> _What to do_
Could you repeat the records below exactly, leaving out any pictures?

> _Exercise materials_
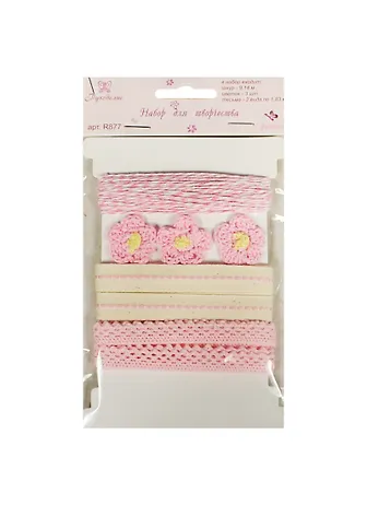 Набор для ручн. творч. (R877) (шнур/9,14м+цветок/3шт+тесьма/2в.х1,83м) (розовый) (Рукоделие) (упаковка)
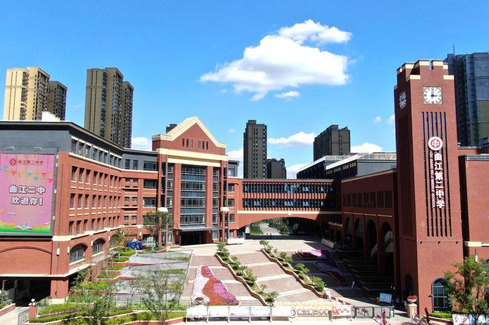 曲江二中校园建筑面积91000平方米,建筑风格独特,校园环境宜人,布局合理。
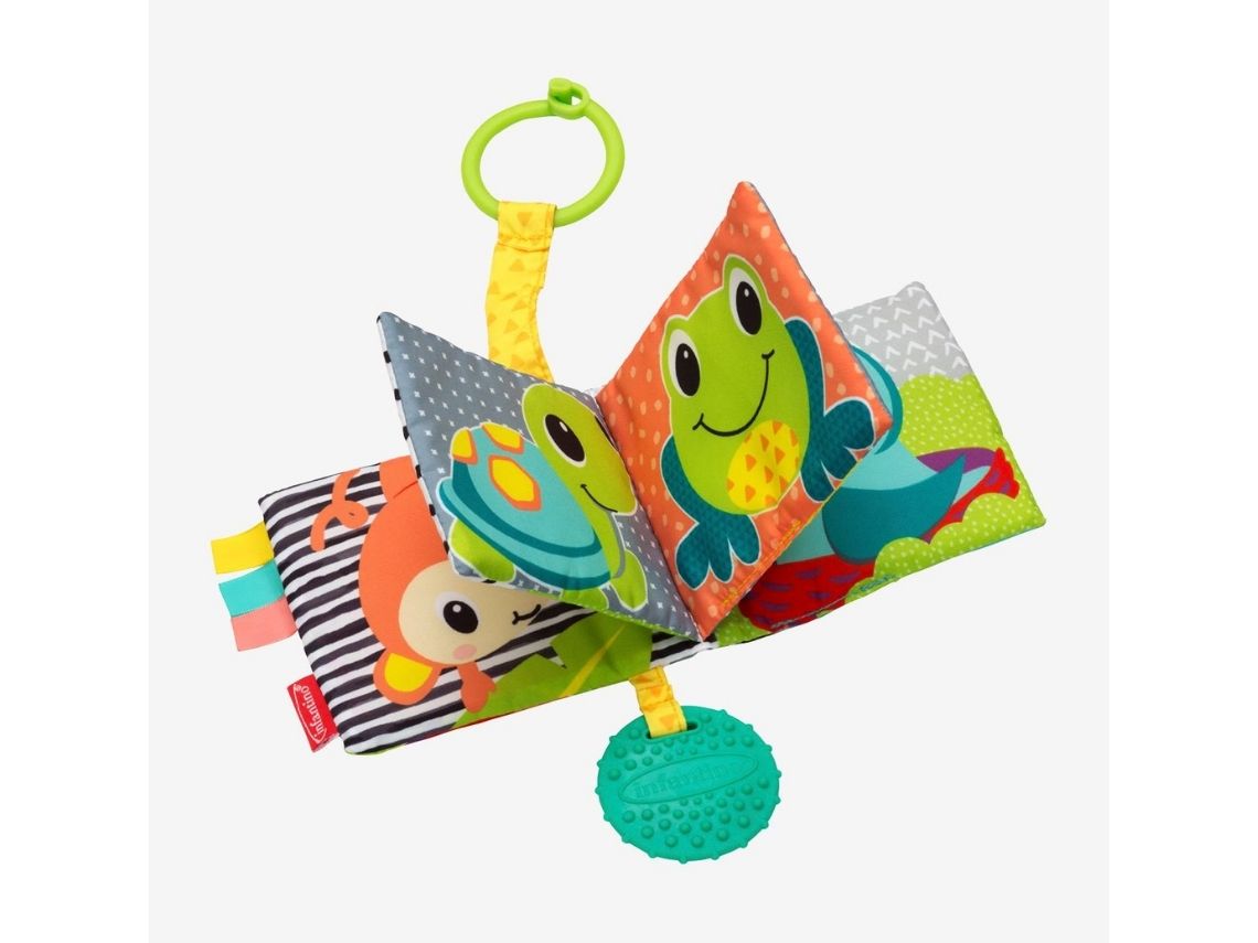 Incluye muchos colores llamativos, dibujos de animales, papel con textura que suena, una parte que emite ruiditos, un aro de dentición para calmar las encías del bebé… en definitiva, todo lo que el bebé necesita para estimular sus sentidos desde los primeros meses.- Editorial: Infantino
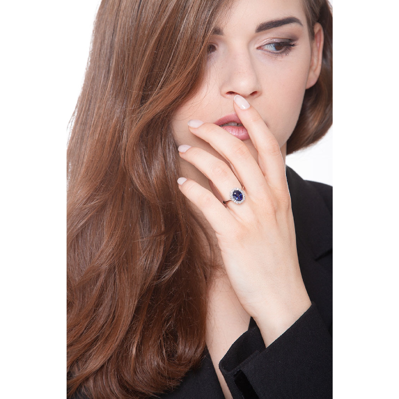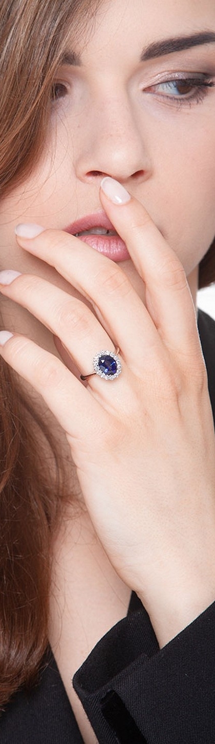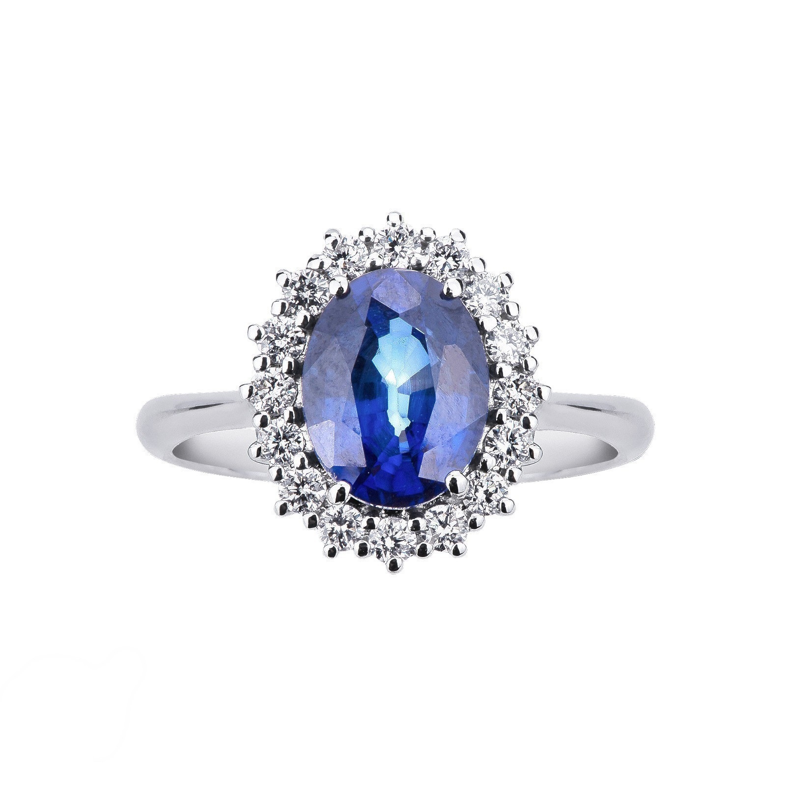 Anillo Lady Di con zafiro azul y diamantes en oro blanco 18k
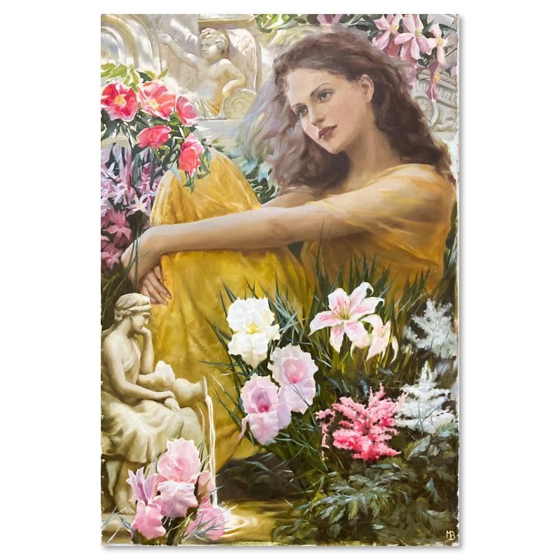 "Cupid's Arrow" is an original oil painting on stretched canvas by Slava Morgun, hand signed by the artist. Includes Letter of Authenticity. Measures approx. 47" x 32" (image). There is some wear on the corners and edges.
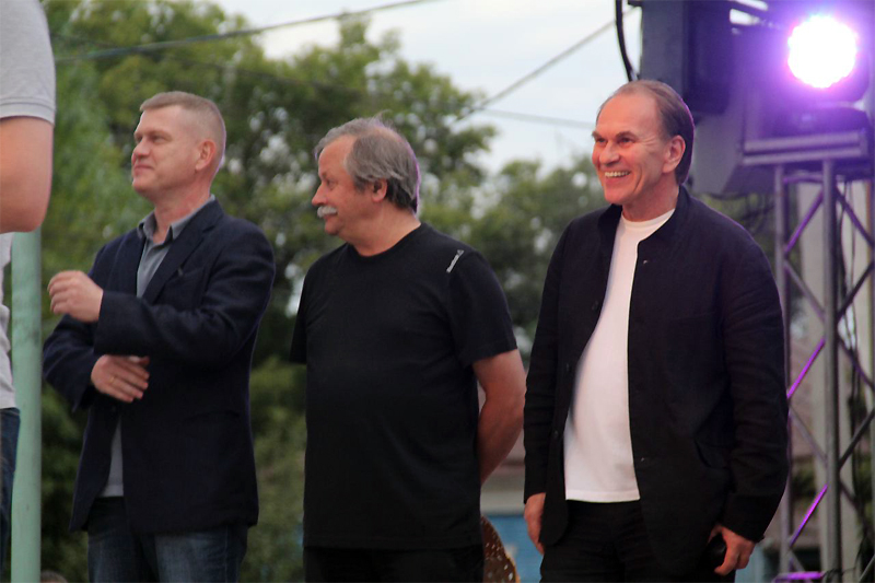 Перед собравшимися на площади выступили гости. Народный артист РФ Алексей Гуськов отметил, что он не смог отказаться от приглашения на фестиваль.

> _Response for this exercise_
 Набор для ручн. творч. (R877) (шнур/9,14м+цветок/3шт+тесьма/2в.х1,83м) (розовый) (Рукоделие) (упаковка)
 曲江二中校园建筑面积91000平方米,建筑风格独特,校园环境宜人,布局合理。
 Incluye muchos colores llamativos, dibujos de animales, papel con textura que suena, una parte que emite ruiditos, un aro de dentición para calmar las encías del bebé… en definitiva, todo lo que el bebé necesita para estimular sus sentidos desde los primeros meses.- Editorial: Infantino
 Anillo Lady Di con zafiro azul y diamantes en oro blanco 18k
 "Cupid's Arrow" is an original oil painting on stretched canvas by Slava Morgun, hand signed by the artist. Includes Letter of Authenticity. Measures approx. 47" x 32" (image). There is some wear on the corners and edges.
 Перед собравшимися на площади выступили гости. Народный артист РФ Алексей Гуськов отметил, что он не смог отказаться от приглашения на фестиваль.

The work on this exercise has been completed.